- Born: 4 August 1935 Addis Ababa, Ethiopian Empire
- Died: 23 May 2013 (aged 77) Chicago, Illinois, U.S.
- Education: Haile Selassie I University (BA) SOAS University of London (MA, PhD)
- Occupations: Historian; Scholar;
- Years active: 1962–2013
- Known for: Contribution of Ethiopian studies
- Notable work: Church and State in Ethiopia 1270–1520 (1972)

= Taddesse Tamrat =

Ethiopian historian and scholar (1935–2013)

Taddesse Tamrat (ታደሰ ታምራት; 4 August 1935 – 23 May 2013) was an Ethiopian historian and scholar of Ethiopian studies. He is best known as the author of Church and State in Ethiopia 1270–1520 (1972, Oxford University Press ISBN 0198216718), a book which has dominated the field of Ethiopian studies.

==Biography==
Taddesse Tamrat was born in Addis Ababa from a family belonged to Ethiopian Orthodox Church clerks. He received an education through the traditional system of the Ethiopian Orthodox Church, where he was ordained as a deacon. As a young man he studied at Holy Trinity Cathedral in Addis Ababa, but his father insisted that he study at a more traditional church school to properly learn the Ge’ez language. He returned to Addis Ababa and graduated from Haile Selassie I University with a Bachelor of Arts at History in 1962. Following that, he received a scholarship to the School of Oriental and African Studies in London where he earned his doctorate in history. As a student there, he presented a seminar paper of some notes on the fifteenth century Stefanite heresy in the Ethiopian Church, which on the advice of his mentors Roland Oliver and Edward Ullendorf was submitted to and published in Rassegna di Studi Etiopici, his first article published outside of Ethiopia. It demonstrated his rich grounding in traditional Ethiopian Orthodox sources and his interaction with the broader academic world.
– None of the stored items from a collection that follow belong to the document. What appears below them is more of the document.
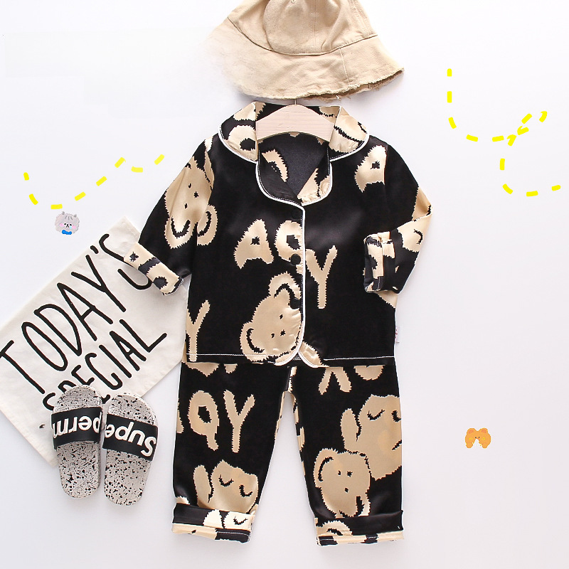 | nameOriginal | CA76 Spring and Autumn new children's home clothes comfortable meals single-breasted black bear pajamas two-piece Korean style fashionable style |
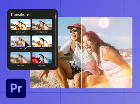 The possibilities are endless with Film Impact's library, now built into Premiere Pro. The “Surprise me” button randomizes transitions and animations for thousands of effect variations — all of which playback in real-time.
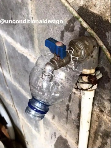 - Keran biru emang suka bikin air yang keluar gak karuan arahnya, tapi botol bekas punya solusi
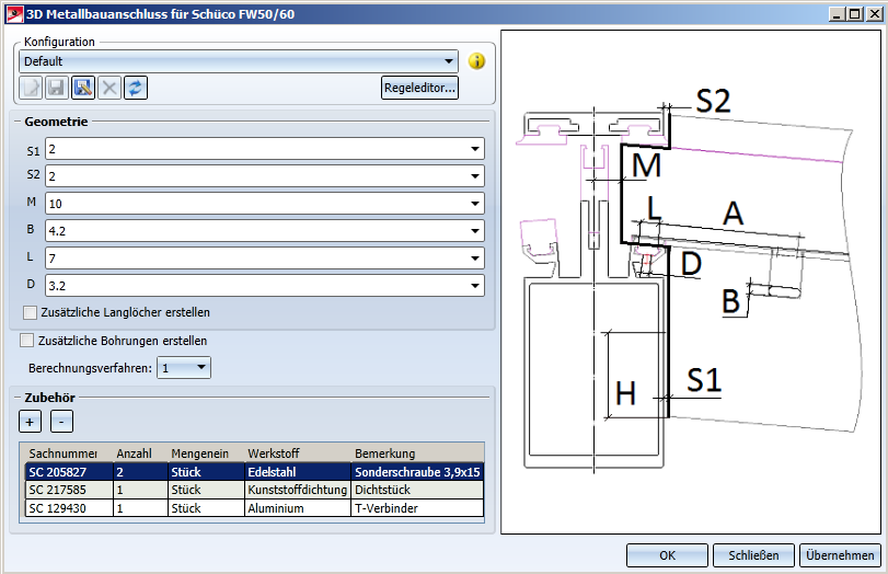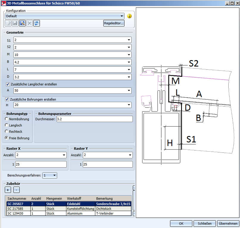 Dort finden Sie auch einen vordefinierten Pfosten-Riegelanschluss. Hierbei handelt es sich um einen variabel einsetzbaren 3D Metallbauanschluss für Schüco FW50/60.
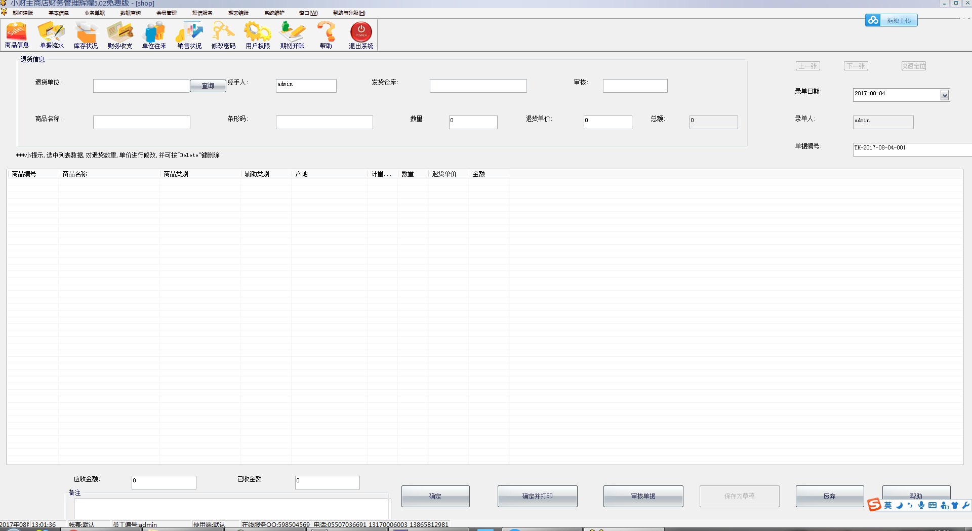 小财主商店管理系统免费版是目前市场上更为简单、实用的商店或商贸企业的进销存财务管理软件。免费版可以无限期使用,下载安装时直接下一步即可,默认的用户名和密码为:admin,请即时修改。
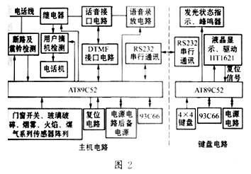 (2)以單片機(jī)為核心構(gòu)成的雙CPU系統(tǒng),一個(gè)以完成用戶鍵盤輸入、漢字液晶顯示、故障狀態(tài)指示為主,另一個(gè)完成報(bào)警檢測(cè),若有報(bào)警事故發(fā)生,將所監(jiān)測(cè)的報(bào)警信號(hào)進(jìn)行分類處理,并且可向外界發(fā)出聲光報(bào)警信號(hào),也可以調(diào)出已存貯好的相應(yīng)語音信號(hào),通過電話網(wǎng)絡(luò)向外發(fā)出警情信號(hào)。
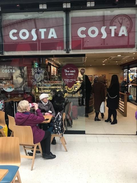 リヴァプールのライムストリート駅からロンドンのユートン駅まで電車で移動しました。列車に乗る前にコーヒーをテイクアウトできるお店をライムストリート駅で探してこのコスタコーヒーを見つけました。コスタコーヒーはイギリスのあちこちで見かけるお店で、安心して中に入れました。
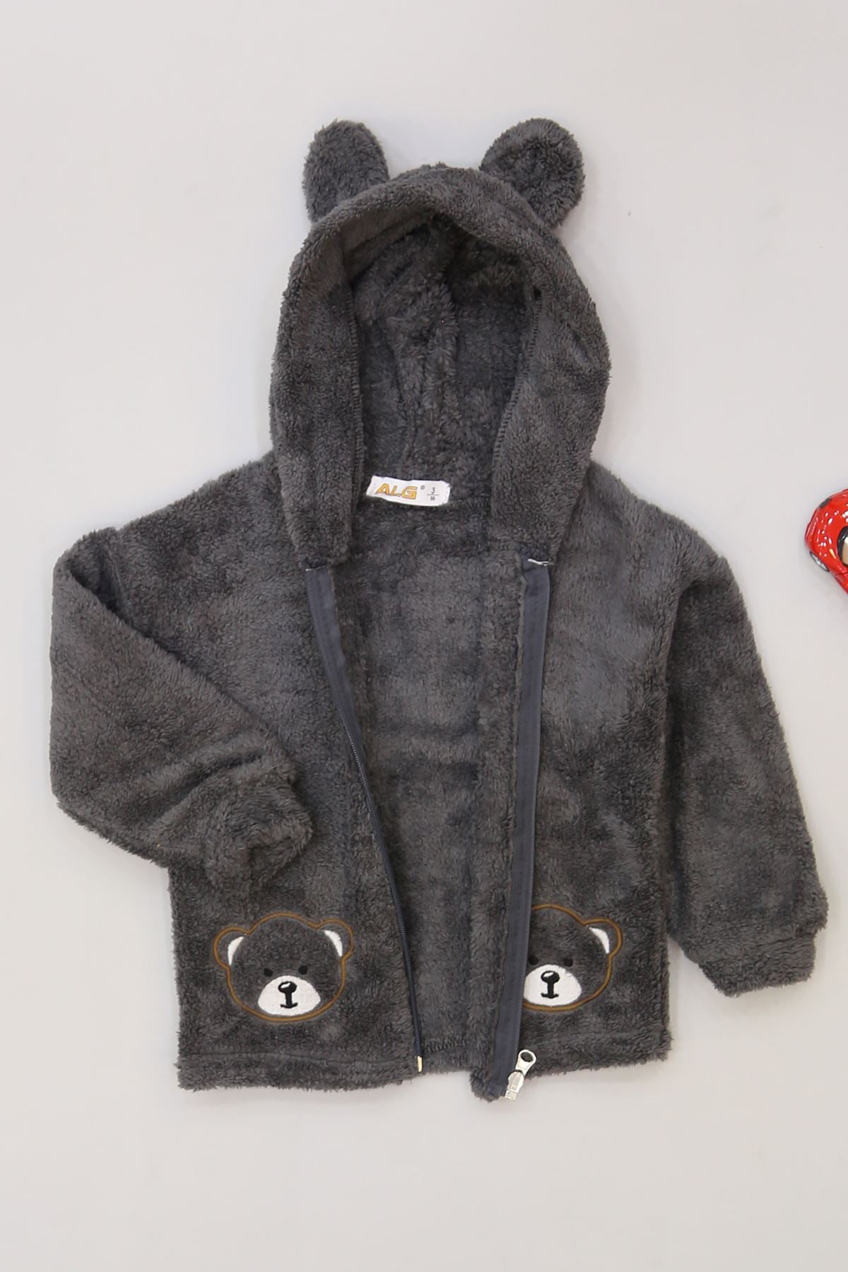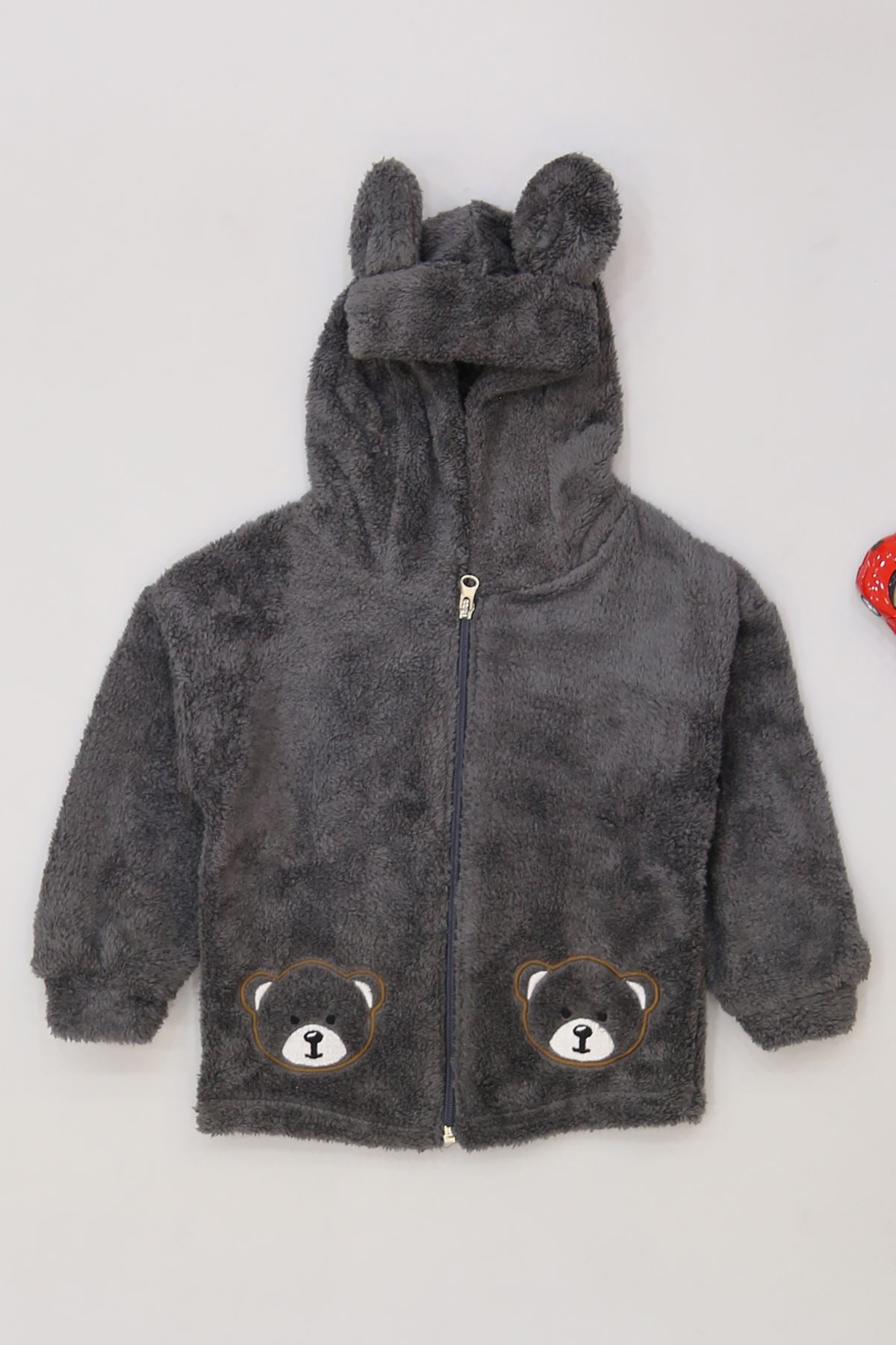 3-7 Yaş Ayı Nakışlı Çocuk Peluş Antrasit - 224456.1576.

He taught history at Haile Selassie I University, which became Addis Ababa University after the 1974 revolution. He became the director of the Institute of Ethiopian Studies at the university and was active in the organizing the meetings of the International Conference of Ethiopian Studies.

He received the Medal of Honor at the Colège de France and was named an Honorary Fellow at the School of Oriental and African Studies. The Manuscript Department of the Institute of Ethiopian Studies was named in his honor. He and his wife of 45 years, Almaz, had a marriage that was admired by others.

During the later years, Taddesse was treating his illness in hospital at Chicago. His wife of 45 years died in July 2012. He died on 23 May 2013, and survived by his three daughters.